When the battery is closed to the resistance R1 = 3.00 Ohm, a current flows in the circuit with a force of I1

When the battery is closed to the resistance R1 = 3.00 Ohm, a current flows in the circuit with a force of I1 = 5.00 A. When connected in parallel to the first resistance of the second resistor R2 = 6.00 Ohm, a current with a force of I2 = 8.00 A flows in an unbranched circuit. Determine the internal resistance of the battery.

R1 = 3 ohms.

I1 = 5 A.

R2 = 6 ohms.

I2 = 8 A.

r -?

According to Ohm’s law for a closed circuit, the current I in the circuit is directly proportional to the EMF of the current source and inversely proportional to the sum of the external R and internal resistance r: I = EMF / (R + r).

I1 = EMF / (R1 + r).

When connecting the second resistance R2 in parallel to the first R1, the total resistance will be determined by the formula: R = R1 * R2 / (R1 + R2).
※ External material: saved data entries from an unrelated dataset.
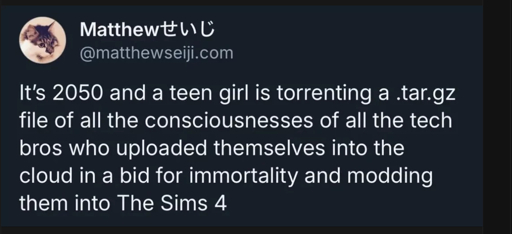 Having the ability to completely clone a person’s brain to the point where you can simulate them into environments, consciousness intact, while still not being able to extrude information from them without multiple tries of emotional manipulation is such a cool and horrifying concept
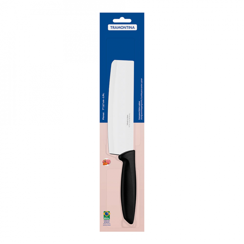 Cuchillo carnicero 7" plenus negro 17,78cm tramontina. acero inoxidable: los cuchillos plenus están elaborados con láminas de acero inoxidable, que tiene más durabilidad debido al tratamiento térmico, su espesor y al estampado de las propias láminas. mangos de polipropileno: los cuchillos están elaborados con polipropileno, que proporcionan una mayor resistencia y durabilidad
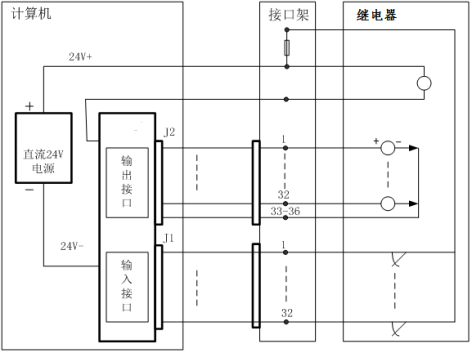 计算机联锁系统通过采集继电器接点的状态获得室外设备的状态信息。具体的采集电压为DC24V。+24V接在被采集接点组的中间接点。如图4-3所示,输入输出接口通过接口架与继电器组合相连接,进而采集继电器状态。接口架如图4-4所示,为连接输入输出接口与继电器的中间部分。在接口架上设36线插座。每个插座配32根信号线。继电器电路一侧的连线焊接在插座上,计算机一侧的连线用插头连接。
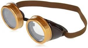 These goggles are sure to complete any Steampunk look! They feature clear aviator style lenses with a shiny silver border. They are on a black faux-leather case for a comfortable fit. They have a adjustable sturdy elastic strap around the back. These goggles can be worn over the head, around a hat or around the neck. Does not provide UV protection. 14+
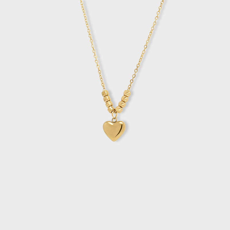 Un detalle dorado que lo dice todo. Esta cadena de acero inoxidable combina cuentas texturizadas con un dije de corazón liso que aporta brillo y ternura a cualquier look. Femenina, versátil y resistente al agua, es ideal para uso diario o para regalar con intención.
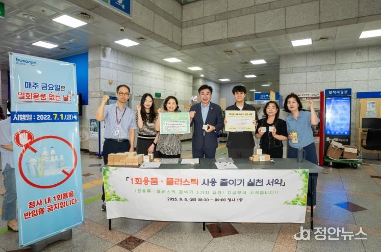 정안뉴스 황정혜 기자 | 부산 부산진구는 지난 5일 ‘1회용품·플라스틱 사용 줄이기 실천 서약’ 캠페인을 청사 내 1층 로비에서 진행했다.
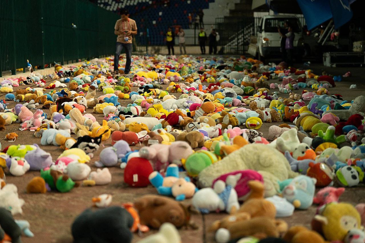 ជាតិអូឡាំពិកកាលពីថ្ងៃទី២៧ ខែធ្នូ អ្នកគាំទ្របានបរិច្ចាគតុក្កតាខ្ទង់មុឺនដល់កុមារដែលកំពុង
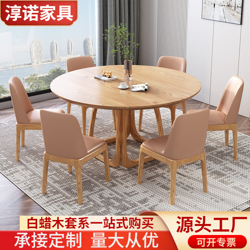 Meja bundar sederhana untuk penggunaan di rumah, furnitur meja bundar besar bergaya retro, set meja dan kursi makan bergaya Cina baru, set meja dan kursi ruang makan.
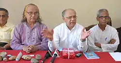 On 20 February 2011, following the publication of Saldanha's and Somasekhara's contradictory reports on the attacks on churches, more than 100,000 Christians representing some 45 Christian denominations and secular organisations gathered in Mangalore to protest.[116] Present was Bishop Aloysius Paul D'Souza of Mangalore Diocese, Bishop Emeritus C. L. Furtado and Bishop John S. Sadananda of the CSI Karnataka Southern Diocese, AICC general secretary Oscar Fernandes, Bishop Lawrence Mukkuzhy of the Catholic Syro-Malabar Diocese of Belthangady, Geevarghese Mar Divannasious of the Syro-Malankara Diocese of Puttur, Diocesan Vicar-General Msgr Denis M. Prabhu; and some 24 new-generation churches united under the Karnataka Missions Network (KMN) including the Campus Crusade for Christ (CCC), Operation Mobilization Bookstall (OMB), Good News Book Centre (GNBC), All India Catholic Union (AICU), Catholic Association of South Kanara (CASK), and International Federation of Karnataka Christian Associations (IFKCA).[117] Secular organisations participating in the protest included Udupi Jilla Alpasankhyatara Vedike (UJAV), the People's Union for Civil Liberties (PUCL), the DK District Committee, the local unit of the Democratic Youth Federation of India (DYFI), and the Muslim Vartakara Sangha (VS) and Muslim Okkoota groups.[117] The protest rally was "organised against a backdrop of an apparent whitewash by the B. K. Somasekhara Commission concerning Hindu radicals and government agencies."[116] The protesters tied black cloths over their mouths and carried black flags as they walked silently for about a kilometre in one of the strongest Christian areas of the city.[116] George Castelino, a Catholic lay leader who guided the march, stated that the black "symbolised that the action of the government and its commission have silenced Christians."[116] Rev. Alwyn Culaso of the Full Gospel Church said that "This is a sea of Christianity that is wounded by the attacks on the churches by the fundamental groups. The government should look at the faith and patience of these people and give justice."[116] On 17 February 2011, Ronald Colaco, Chairman of IFKCA and Higher Education Minister V. S. Acharya submitted a memorandum to Yeddyurappa, demanding that the cases filed against Christian youths be dropped.[118] Following the publications of the reports and subsequent protests, the government of Karnataka announced that it would drop 338 cases against Christians who had protested in the attacks.[110] In December 2011, 23 cases against Christians were dropped upon request by the Karnataka Christians International and the Mangalore Diocese.[119]
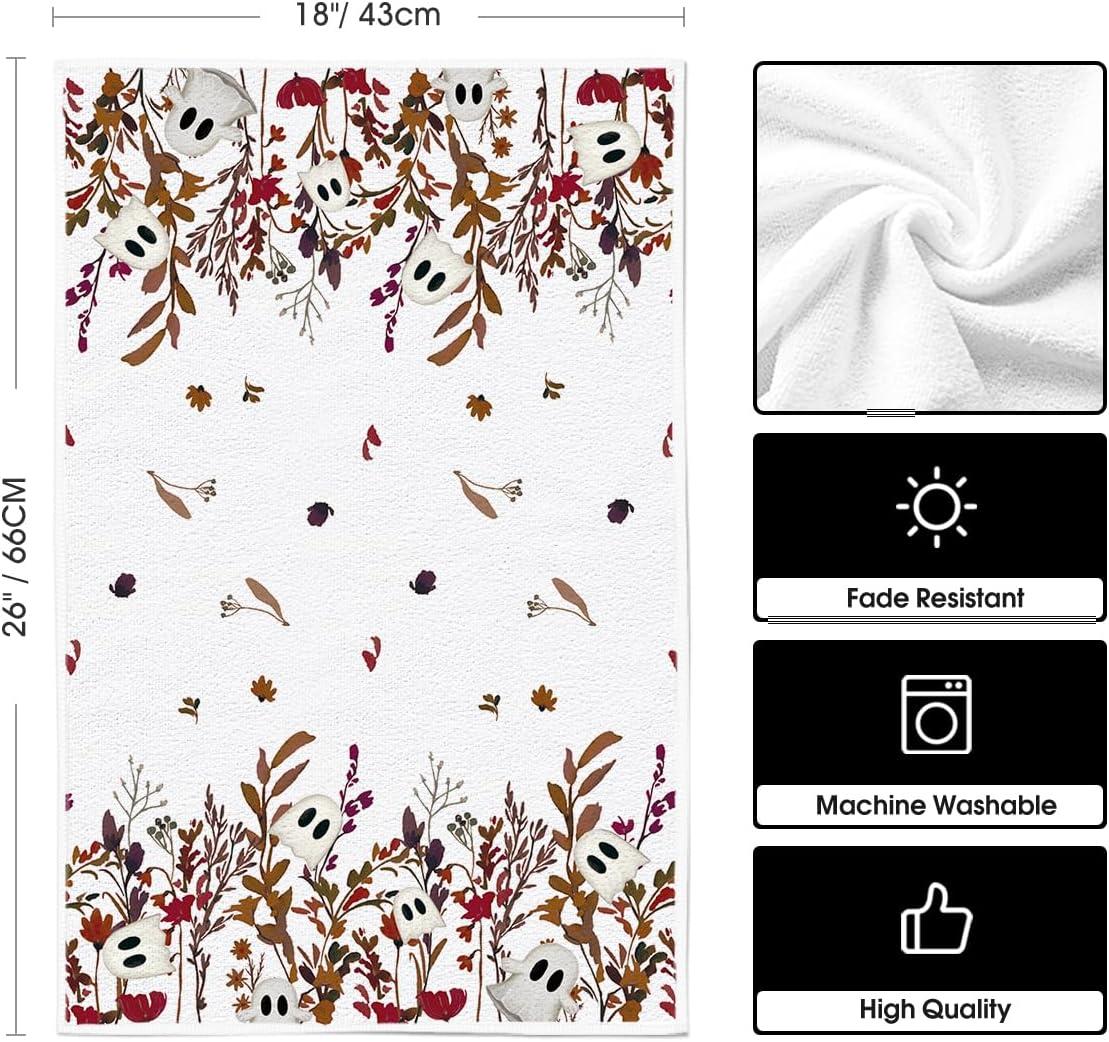 Artoid Mode Ghost Wildflower Floral Halloween Kitchen Towels Dish Towels, 18×26 Inch Farmhouse Leaves Decoration Hand Towels Set of 2
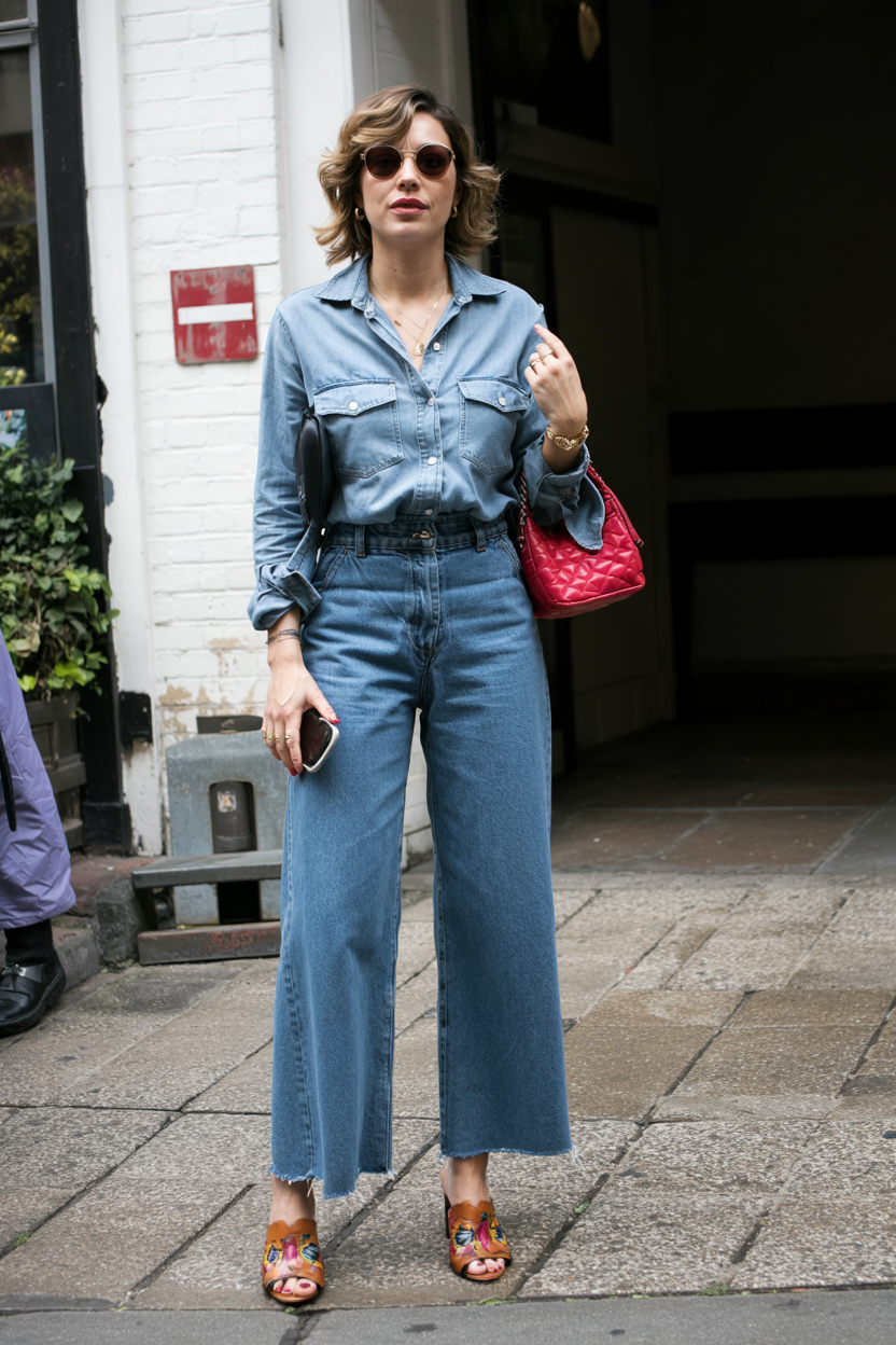 There’s an almost nostalgic quality to this outfit, as if it’s the ultimate love letter to denim, with a fun twist. The cropped denim shirt paired with the high, flared culotte-style jeans exudes that “I’m-a-stylish-gal-if-you’ll-notice” attitude. The pop of color from the colorful bag and sporty heels keeps the whole thing in check when it comes to keeping the style from feeling too serious, and the high waistline provides some definition without the squeezing.
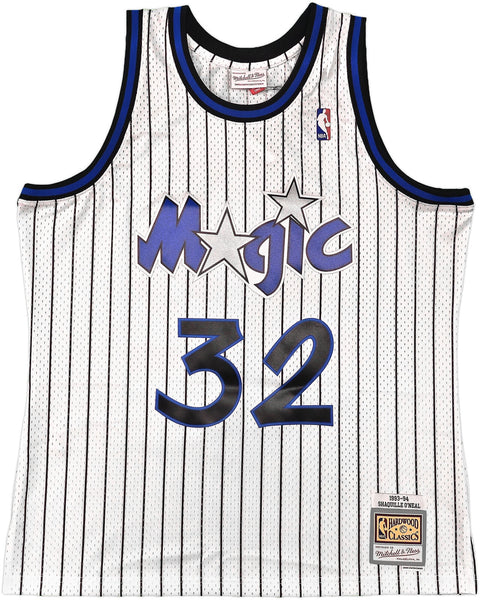 This is a White Authentic Mitchell & Ness Orlando Magic 1993-94 HWC Swingman Jersey that has been hand signed by Shaquille Shaq O'Neal. This jersey is Size XL. This item has been witnessed and certified authentic by Beckett Authentication (BAS) and comes with their tamper-proof witness hologram.
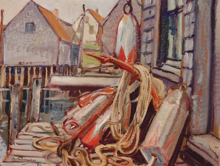 Lismer’s choice of subject aligns with a broader Canadian modernist interest in regional identity, but here the emphasis shifts from untouched nature to a vernacular, working environment shaped by human hands. Rather than rendering the scene with photographic clarity, Lismer simplifies and distorts shapes—boats, ropes, and buildings twist into rhythmic, almost animated lines. Thick, directional brushwork and an earthy palette—punctuated by flashes of red and ochre—create a sense of tactile immediacy, suggesting both the materiality of the fishing equipment and the hard labour that shaped this small coastal community.
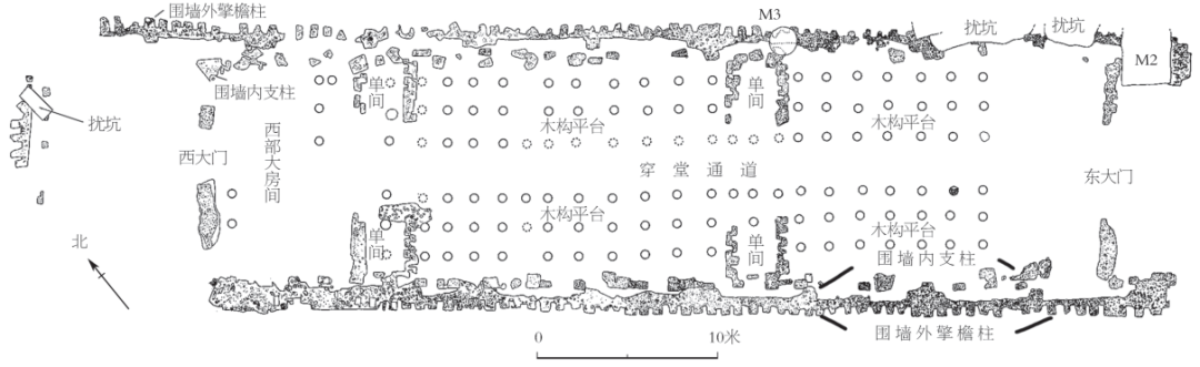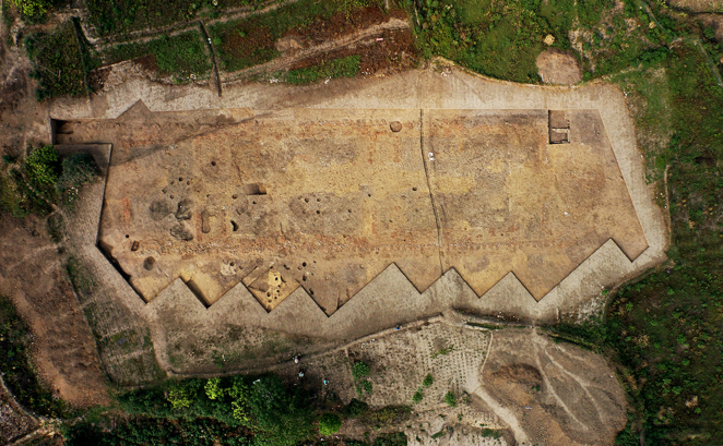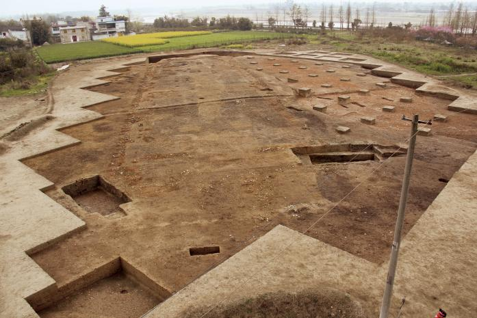在青關(guān)山一號大型建筑基址中,考古工作者還發(fā)現(xiàn)穿堂通道、東西大門、單間、木構(gòu)平臺等遺跡。學(xué)者推測,這可能是國內(nèi)迄今發(fā)現(xiàn)的年代最早、規(guī)模最大的干欄式樓閣建筑,其研究性復(fù)原仍須進(jìn)一步檢驗和論證。
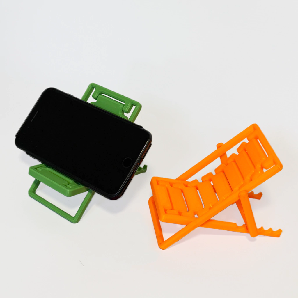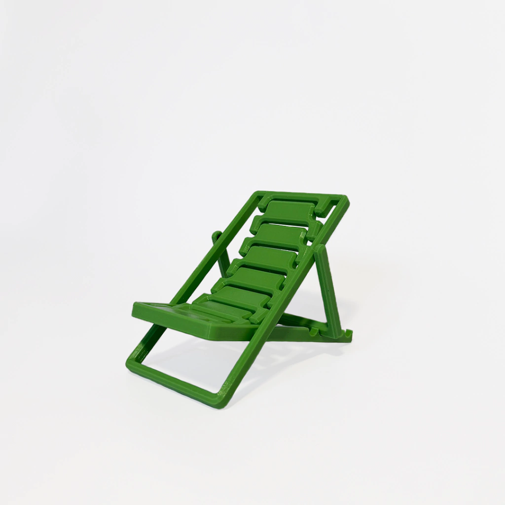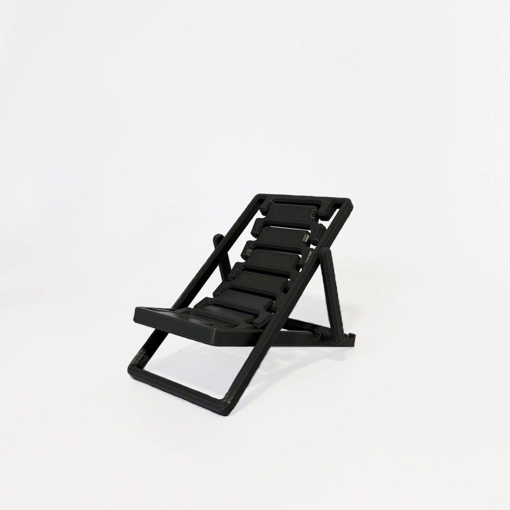 Un soporte con alma de verano. Inspirado en una clásica reposera, este accesorio sostiene tu celular con estilo mientras disfrutás del sol, trabajás o simplemente mirás tus contenidos favoritos. Ideal para escritorios, mesas o llevar a la playa.
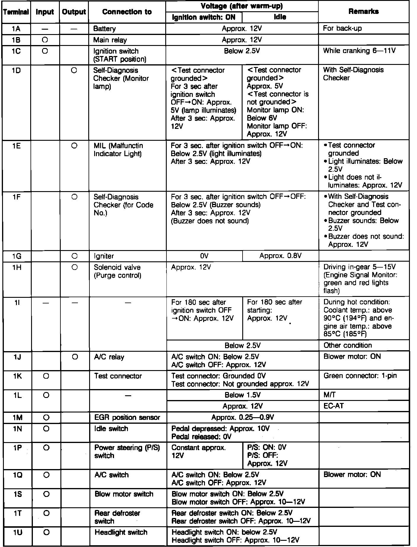 ECU Pin Voltage Chart (Part 1):
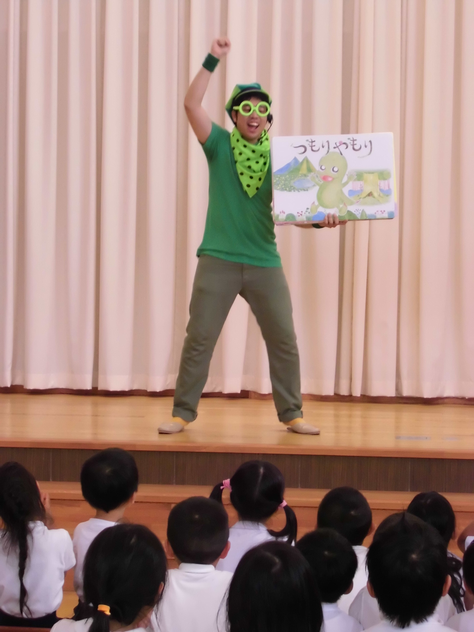 6月22日(月)午後、慈光幼稚園に『つもりやもり』のパピ君が、お話のお兄さんと一緒にやってきました。小さな子どもたちは午睡をする時間だったので、代表して年長さんが参加しました。
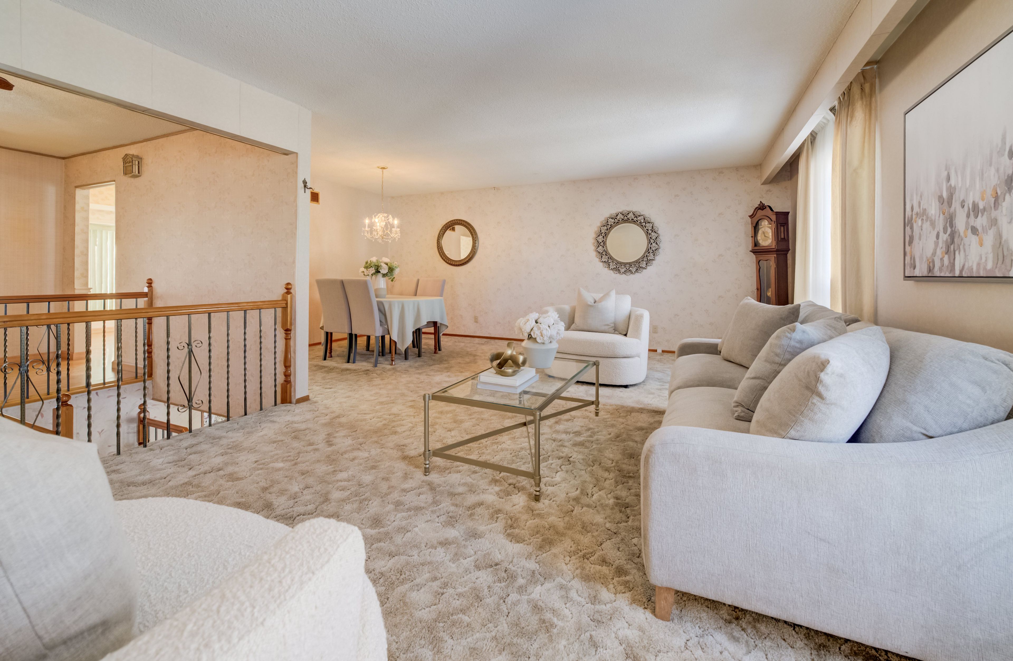 • Main floor features sun filled living room, eat-in kitchen, and dining area.
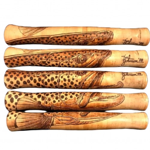 Hours of work go into painstakingly hand burning original artwork of your choice into the cork grip of your flyrod, turning the whole rod into a unique work of art. After a brush application of cork sealer, it’s ready to fish. It won’t just set it apart from your buddies’ rods or other rods of the same model; it will be different from any rod in the world.

R = 3 ohms * 6 ohms / (3 ohms + 6 ohms) = 2 ohms.

I2 = EMF / (R + r).

(R1 + r) * I1 = (R + r) * I2.

R1 * I1 + r * I1 = R * I2 + r * I2.

R1 * I1 – R * I2 = r * I2 – r * I1.

r = (R1 * I1 – R * I2) / (I2 – I1).

r = (3 Ohm * 5 A – 2 Ohm * 8 A) / (8 A – 5 A) = – 0.33 Ohm.

An error was made in the problem statement, since the internal resistance cannot be negative.